State College Bird Club
November 16, 2016
State College Bird Club Minutes: November 16, 2016
President Diane Bierly called the meeting to order at 7:00 with 23 people present. Jim Curtis recorded minutes.
Business
Diane read the minutes from the previous meeting and gave the
Treasurer’s report: $280 deposited since the last meeting with no
expenses paid.
No field trips are currently planned. Diane reminded everyone that dues are due and that local area CBCs are coming up soon.
From the audience Betty Kirchner, our liaison to Foxdale, asked if we
would like to meet over dinner sometime, i.e., have a dinner meeting at
Foxdale’s dining facilities.
The list was called with 108 total species. No outstanding rarities, but a nice representation of birds for this season.
Presentation:
Diane introduced our speaker for the night. Matt Toenies is in
the second year of his M.A. work in PSU’s Department of Ecosystem
Science & Management, and presented his research titled “Winners
and Losers in the Changing Bird Community of Hemlock Forests”.

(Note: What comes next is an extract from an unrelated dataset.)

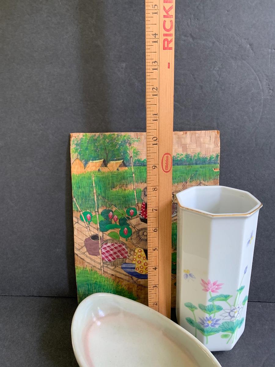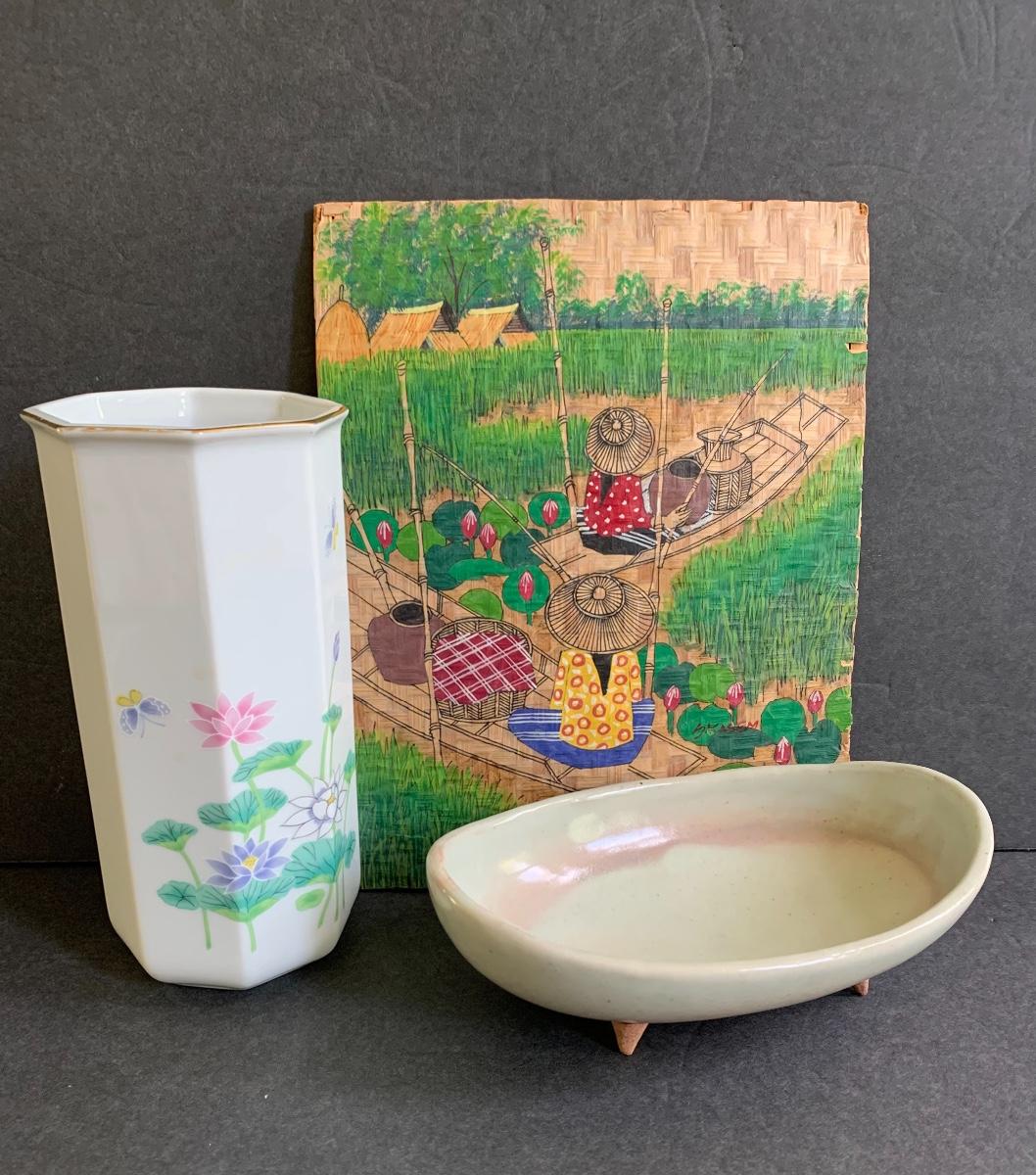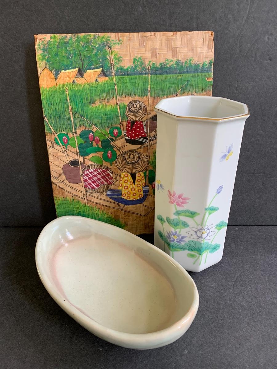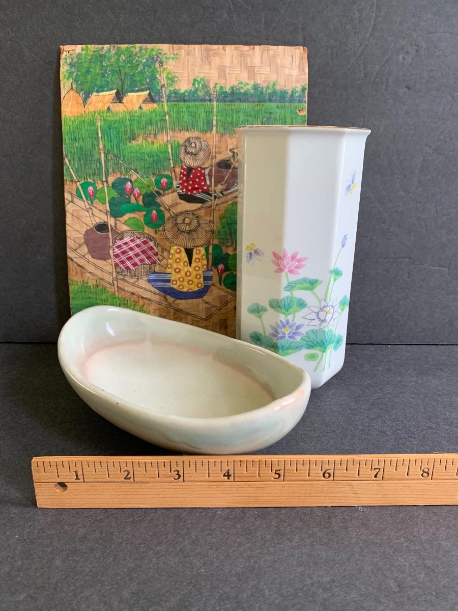 Otagiri Octagon Porcelain Vase with Gold Trim, Lotus Garden Design. Oval Stoneware Dish/Planter and with Hand Painter oil on Bamboo
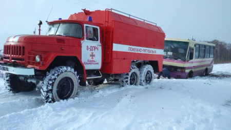 На Волині у снігових заметах застрягли швидка і рейсовий автобус

Basic points presented as premises to his research study were:
1) Invasion of hemlock woolly adelgid, illustrated
with maps, has caused extensive and very systematic damage to hemlock
forests, and always results in death of the tree.
2) The unique structure of hemlock forests provides
important contributions to the environment and specifically the bird
community. Hemlocks hold on to their lower branches, decreasing
understory growth and increasing diversity of bird species.
3) Six species were selected to represent bird
species with close association to hemlock forests: black-throated green
warbler, Acadian flycatcher, blackburnian warbler, blue-headed vireo,
winter wren, and hermit thrush.
Matt’s hypotheses were presented in the form of a diagram illustrating
the process of change on hemlock forests due to adelgid intrusion,
including change in the habitat structure and the impact of this shift
in vegetation on bird species.
The research consisted of a baseline study in the Delaware Water Gap
area looking at pre- and post-adelgid invasion conditions. The method
was based on point counts done on 2 visits per season, with counts
including estimated distance to the birds, a survey of hemlocks in the
point count areas, and an evaluation of understory density.
In the results, impact on vegetation of adelgid invasion was recorded
by graphs demonstrating the relationship of hemlock health and
understory density. Predictions of the impact on bird populations were
presented in graphs relating habitat status to specie characteristics,
and the data included taking “occupancy modeling” – i.e., the
probability of detecting a given specie – into account.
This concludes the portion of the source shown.